Early origin for human-like precision grasping: a comparative study of pollical distal phalanges in fossil hominins

Abstract

Background: The morphology of human pollical distal phalanges (PDP) closely reflects the adaptation of human hands for refined precision grip with pad-to-pad contact. The presence of these precision grip-related traits in the PDP of fossil hominins has been related to human-like hand proportions (i.e. short hands with a long thumb) enabling the thumb and finger pads to contact. Although this has been traditionally linked to the appearance of stone tool-making, the alternative hypothesis of an earlier origin--related to the freeing of the hands thanks to the advent of terrestrial bipedalism--is also possible given the human-like intrinsic hand proportion found in australopiths.

Methodology/principal findings: We perform morphofunctional and morphometric (bivariate and multivariate) analyses of most available hominin pollical distal phalanges, including Orrorin, Australopithecus, Paranthropous and fossil Homo, in order to investigate their morphological affinities. Our results indicate that the thumb morphology of the early biped Orrorin is more human-like than that of australopiths, in spite of its ancient chronology (ca. 6 Ma). Moreover, Orrorin already displays typical human-like features related to precision grasping.

Conclusions: These results reinforce previous hypotheses relating the origin of refined manipulation of natural objects--not stone tool-making--with the relaxation of locomotor selection pressures on the forelimbs. This suggests that human hand length proportions are largely plesiomorphic, in the sense that they more closely resemble the relatively short-handed Miocene apes than the elongated hand pattern of extant hominoids. With the advent of terrestrial bipedalism, these hand proportions may have been co-opted by early hominins for enhanced manipulative capabilities that, in turn, would have been later co-opted for stone tool-making in the genus Homo, more encephalized than the previous australopiths. This hypothesis remains may be further tested by the finding of more complete hands of unequivocally biped early hominins.

Figure 1. Modern human thumb and index finger (right hand) during pad-to-pad precision grasping in ulnar view.

The box shows the anatomy of the pollical distal phalanx and its relationship with soft structures related to refined manipulation: a huge proximopalmar fossa (orange), associated with a palmarly protruding ridge (red) for insertion of the flexor pollicis longus; a compartmentalized digital pulp to accommodate the shape of the object being manipulated; this is reflected in the presence of an ungual fossa (green), associated to the large and mobile proximal pulp, as well as a wide apical tuberosity associated with the smaller and less mobile distal pulp; and finally, the ungual spines (yellow), where the collateral intraosseous ligaments that sustain the nail bed insert.

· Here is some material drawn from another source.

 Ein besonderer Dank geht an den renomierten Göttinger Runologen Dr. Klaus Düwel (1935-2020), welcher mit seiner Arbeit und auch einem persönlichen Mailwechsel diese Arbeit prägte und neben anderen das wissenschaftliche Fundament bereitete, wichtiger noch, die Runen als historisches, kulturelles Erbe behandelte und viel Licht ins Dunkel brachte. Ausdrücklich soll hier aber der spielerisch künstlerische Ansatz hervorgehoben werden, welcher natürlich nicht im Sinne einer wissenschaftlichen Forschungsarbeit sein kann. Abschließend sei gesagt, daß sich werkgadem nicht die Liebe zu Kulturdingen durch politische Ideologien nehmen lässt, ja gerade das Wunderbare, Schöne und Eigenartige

Figure 2. Morphological comparisons of pollical distal phalanges in African apes, extant humans and selected hominins.

Specimens are showed in palmar (top), oblique proximopalmar (middle) and lateral (bottom) views, and scaled to the same length to easily visualize the morphological differences. The main features related to human-like precision grasping are indicated in the middle row (same colors as in Figure 1), whereas the palmarly protruding insertion for the flexor pollicis longus has been further signaled in lateral view (red arrows in the lower row). Note that, although with several morphological differences, all the features related to refined manipulation in modern humans are already present in the late Miocene Orrorin. By the way, the OH 7 specimen, besides its odd overall proportions, neither shows a distinctive insertion for the flexor muscle, nor a compartmentalized digital pulp. All the phalanges belong to a right thumb. Scale bars represent 5 mm.

Figure 3. Principal components analysis (PCA) based on six shape variables of the pollical distal phalanx.

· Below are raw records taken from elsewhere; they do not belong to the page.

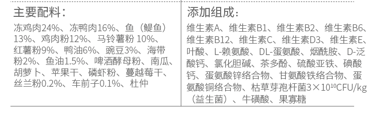 一般狗粮的原材料是按照顺序排列的,因此狗粮前三位最好是肉,而且要注明是什么狗,最好还是公开了原料占比。
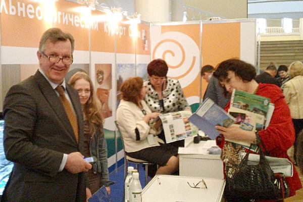 Не только природно-климатические факторы, но и народные костюмы, игрушки-сувениры и национальные лакомства должны были привлечь внимание потенциальных клиентов (стенд санатория Якты-Куль, республика Башкортостан)
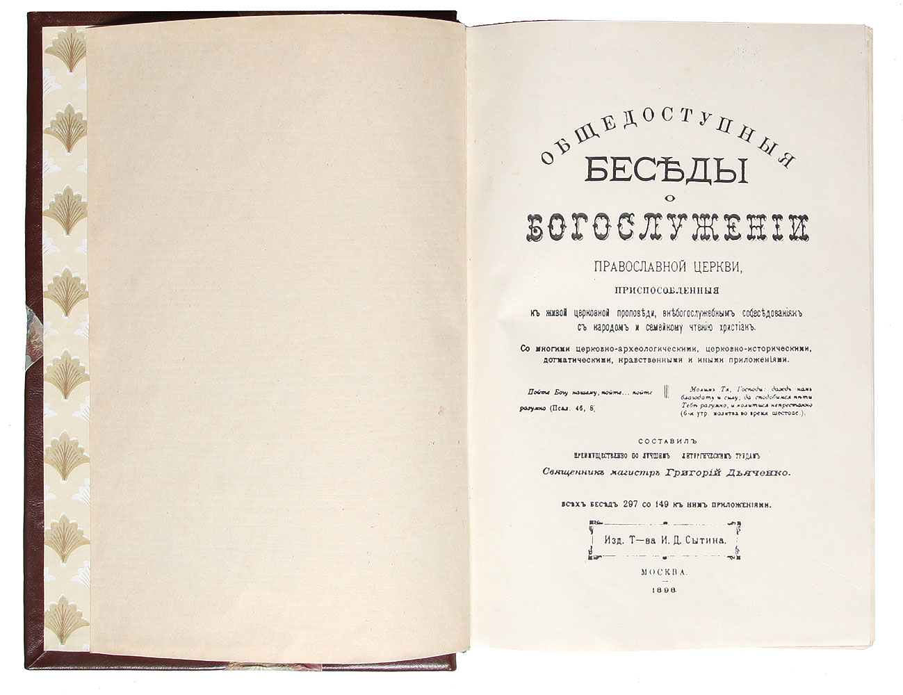 Москва, 1898 год. Издание Товарищества И. Д. Сытина. Профессиональный новодельный переплет с золотым тиснением на корешке. Сохранность хорошая. Восстановлен титульный лист. Григорий Михайлович Дьяченко (1850 - 1903) - священнослужитель Русской правосла
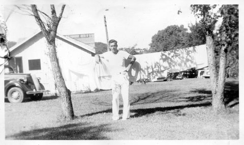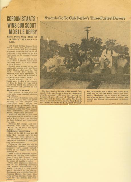 There were also two newspaper clippings, about his dad playing softball and he and his dad winning the Cub Scout Derby. According to Denny, Al Hawley (Elaine's husband) helped build the derby car (soap mobile) when they lived in Waukesha, Wisconsin. He also helped build one for Denny, but he didn't win that year. The hill they raced on was the one the went down to the Johns Manville plant, which should be Greenwood Ave (although Denny thought is may have been Glen Flora Avenue). Al and Elaine moved the family to California after the death of their daughter Sharon from Polio in 1952 at age 8.
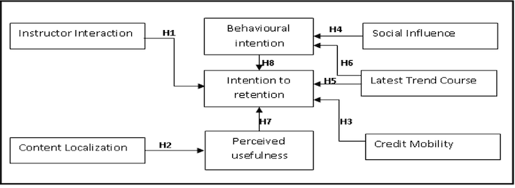 H7: Behavioural intention of using MOOCs will have significant positive effects on learners’ retention in MOOCs.
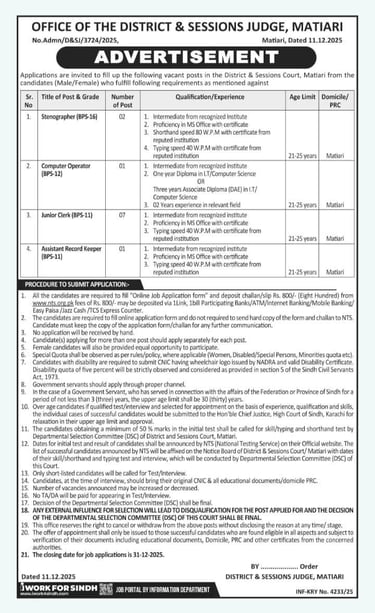 Apply for District & Sessions Court Matiari Jobs 2025 through NTS. Vacancies include Stenographer, Computer Operator, Junior Clerk, and Assistant Record Keeper (BPS-11 to BPS-16). Last date: 31 December 2025.
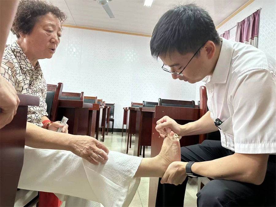 講座結束后,兩位教授現(xiàn)場為村民開展義診咨詢活動,針對群眾骨性關節(jié)炎、肩關節(jié)疼痛、膝關節(jié)疼痛、髖關節(jié)疼痛、腰腿痛、頸肩痛等常見慢性病進行現(xiàn)場咨詢,給予健康指導。隨行的醫(yī)生為當?shù)鼐用衩赓M提供測血壓、測血糖、按摩、針灸等中醫(yī)診療服務,對于年邁、行動不便的老人則分批上門走訪。

Blue, Papio; red, Pongo; yellow, H. sapiens; green, Gorilla; grey, Pan. The PC 1 largely reflects the proportions of the tuft and shaft, while the PC 2 is more related to the proportions of the base. The Orrorin PDP overlaps with modern humans in both principal components, and later hominins also resemble modern humans in both components—although to a lesser degree. Paranthropus robustus and OH 7 constitute an exception, because they fall within the human range across the PC 2, but depart from the remaining taxa on the PC 1 by showing exceptionally wide PDPs (Figures 2 and 3). See text for further explanation. Figures at the corners represent the outline of these phalanges in palmar and lateral views.

Figure 4. Boxplots of distal phalangeal robusticity in selected extant taxa, Neandertals, OH 7 and Paranthropus robustus.

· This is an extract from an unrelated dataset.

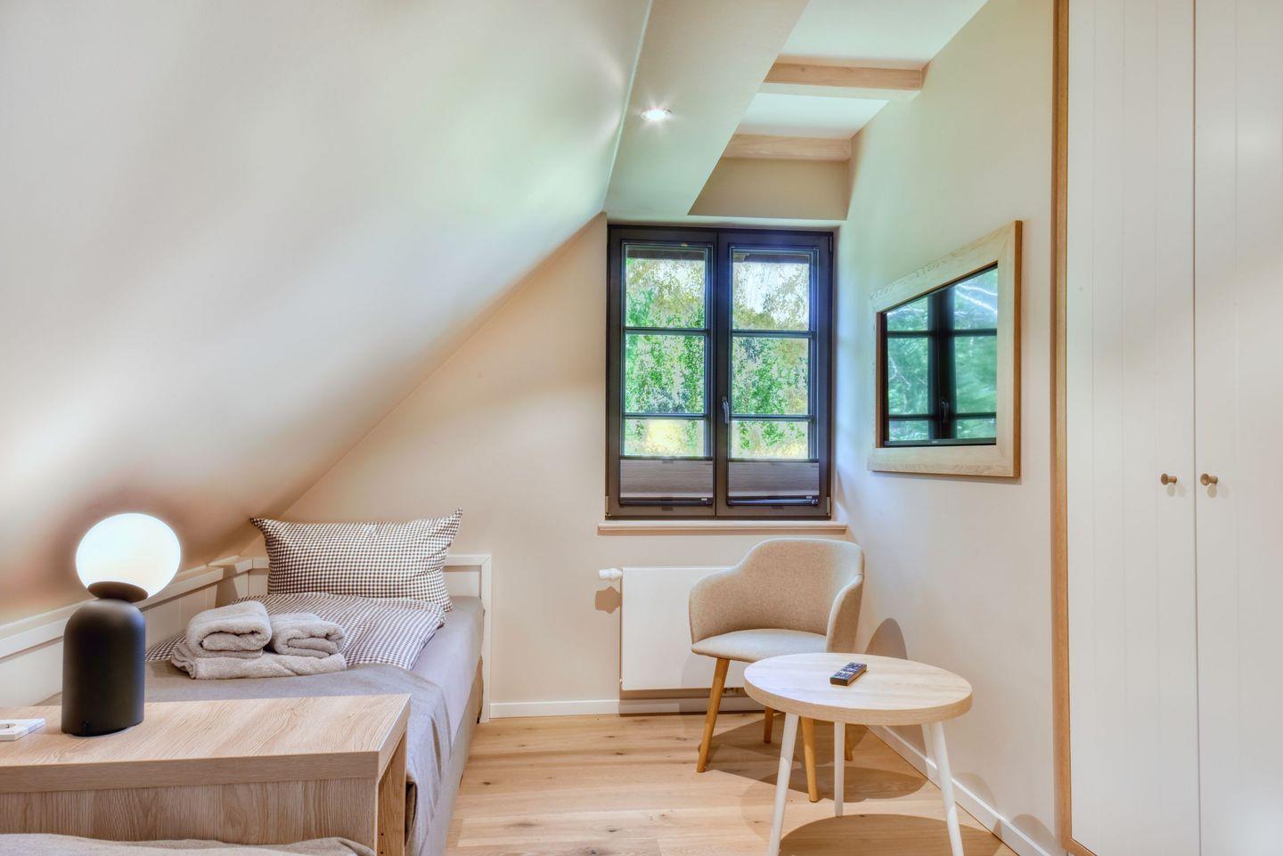 Kaffeezubereiter genossen werden. Abwaschen muss hier zum Glück niemand. Es gibt einen Geschirrspüler. Weiter geht’s mit den beiden komfortablen Schlafzimmern. Ein bequemes Boxspringdoppelbett (1,80 x 2,10) und zwei Boxspringeinzelbetten (90 x 200) versprechen erholsame Träume. Die Zimmer verfügen über je einen Kleiderschrank und ebenfalls einen Flat-TV. Zwei Bäder mit Dusche und WC sorgen für genügend Raum zum Frischmachen. Das Bad im EG ist zudem mit einer Finnischen Sauna ausgestattet. Bei Anreise liegen Handtücher und Abtrockentücher für die Küche für Sie bereit und die Betten sind bezogen.

Robusticity refers to apical tuft width (a) in relation to maximum length (b) of the distal pollical and middle finger phalanges (left and right, respectively; see Materials and for further details). Horizontal lines represent the median values, whereas the boxes represent the 25% and 75% percentiles, the whiskers the maximum-minimum ranges and circles are outliers. OH 7, like Paranthropus robustus, display a robusticity pattern convergent with quadrupedal monkeys (Macaca and Papio), in which the pollical distal phalanx is disproportionally robust relative to that from the middle finger. Note that the pollical and nonpollical distal phalanges attributed to P. robustus may not belong to the same individual.